Separate comparable from non-comparable metrics — Usage rate can be compared across teams, but cost per PR depends on task characteristics and can't be directly compared
Pre-define action thresholds — "If revision rate exceeds 30%, revisit review guidelines." Decide responses to metric changes upfront
Don't let optimization become the goal — Prevent "increase agent usage rate" from becoming a target that forces agents onto unsuitable tasks

Operating Cadence for the Maturity Model

Executing action plans isn't the finish line. A model that isn't revisited regularly becomes shelfware. You need a cycle of assessing your current position and deciding the next action.

Quarterly Review

Run a level assessment every three months and check for changes since the last review. Even if the level hasn't increased, evaluate improvements within the same level — for instance, a richer skills library at Level 3.

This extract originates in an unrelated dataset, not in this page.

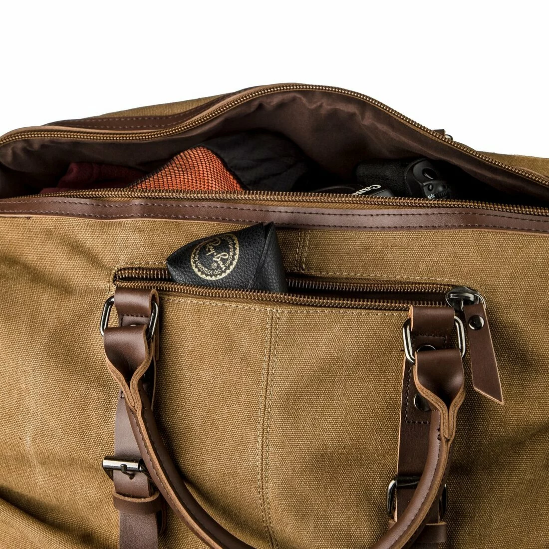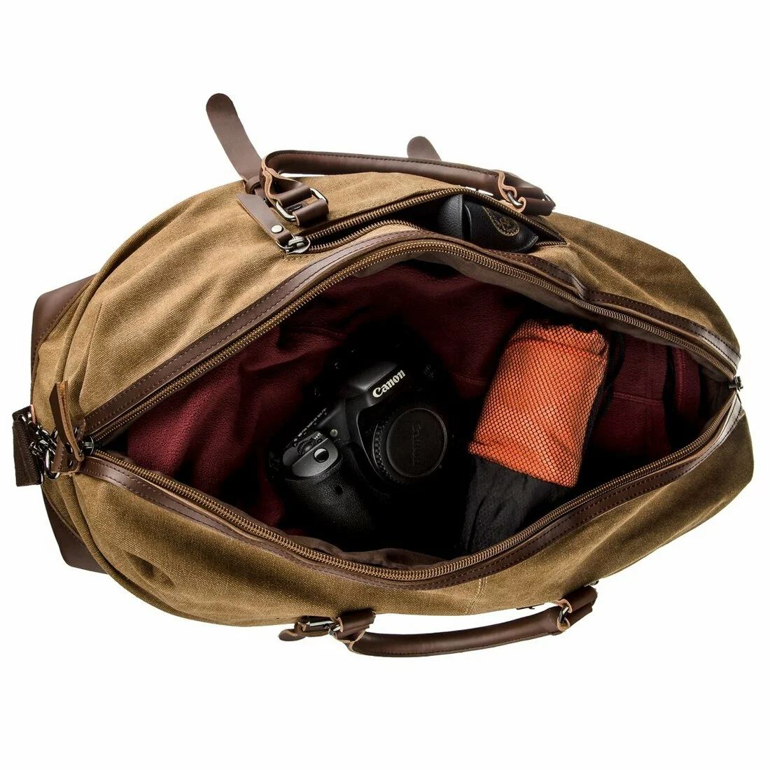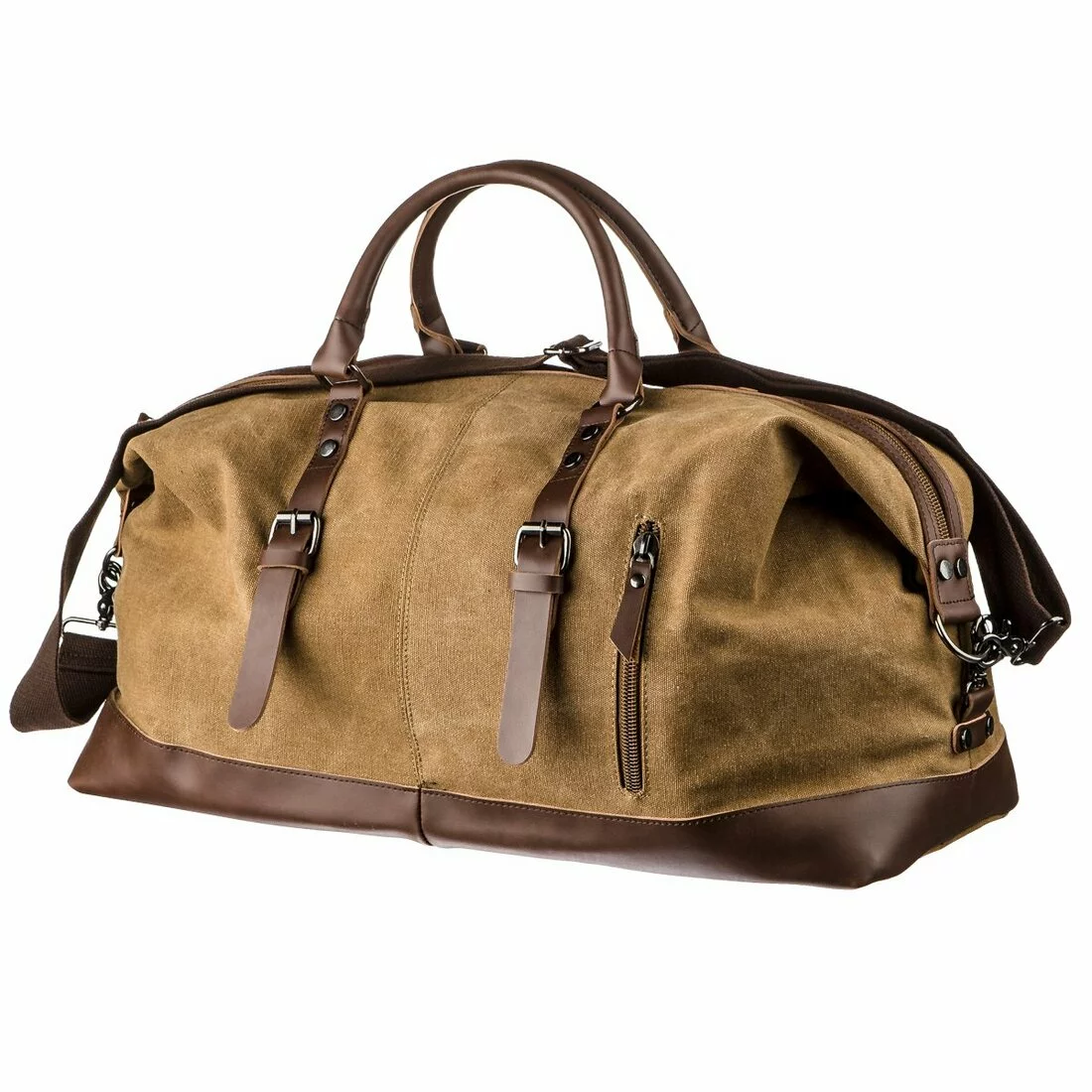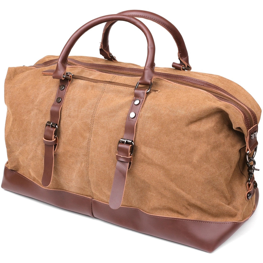 Вместительная походная сумка песочного цвета из прочного текстиля.

Specifically, have each team lead answer the level assessment checklist from the previous article and share results across the organization. A 15-minute self-check is sufficient.

Connecting Metrics to Maturity

Use dashboard data as evidence for maturity assessments. Quantitative data like "adoption rate increased" or "cost per PR decreased" becomes input for level transition decisions. Conversely, if the level increased but metrics didn't improve, the progress may be purely formal.

The three shared metrics defined in the previous section (monthly active user rate, cost per PR, review revision rate) form the foundation for this connection.

Bottom-Up Improvement Proposals

Maturity improvement shouldn't be exclusively top-down. Create channels for frontline developers to propose changes when they see opportunities. The simplest approach: solicit improvement proposals during quarterly reviews.

Takeaways

L1→L2 can start in 30 days — A four-week cycle of assessment, policy, pilot, and evaluation gets the first step done. Don't wait for perfection.
Review guidelines are the L2→L3 catalyst — Starting standardization with an activity everyone does daily lets skills library building and onboarding improvements follow naturally.
L3→L4 starts with three shared metrics — Keep required metrics minimal to lower the consensus barrier, combining them with team-specific optional KPIs.
Run the model on a quarterly cadence — Beyond executing action plans, regular assessment connected to metrics keeps the maturity model a living framework.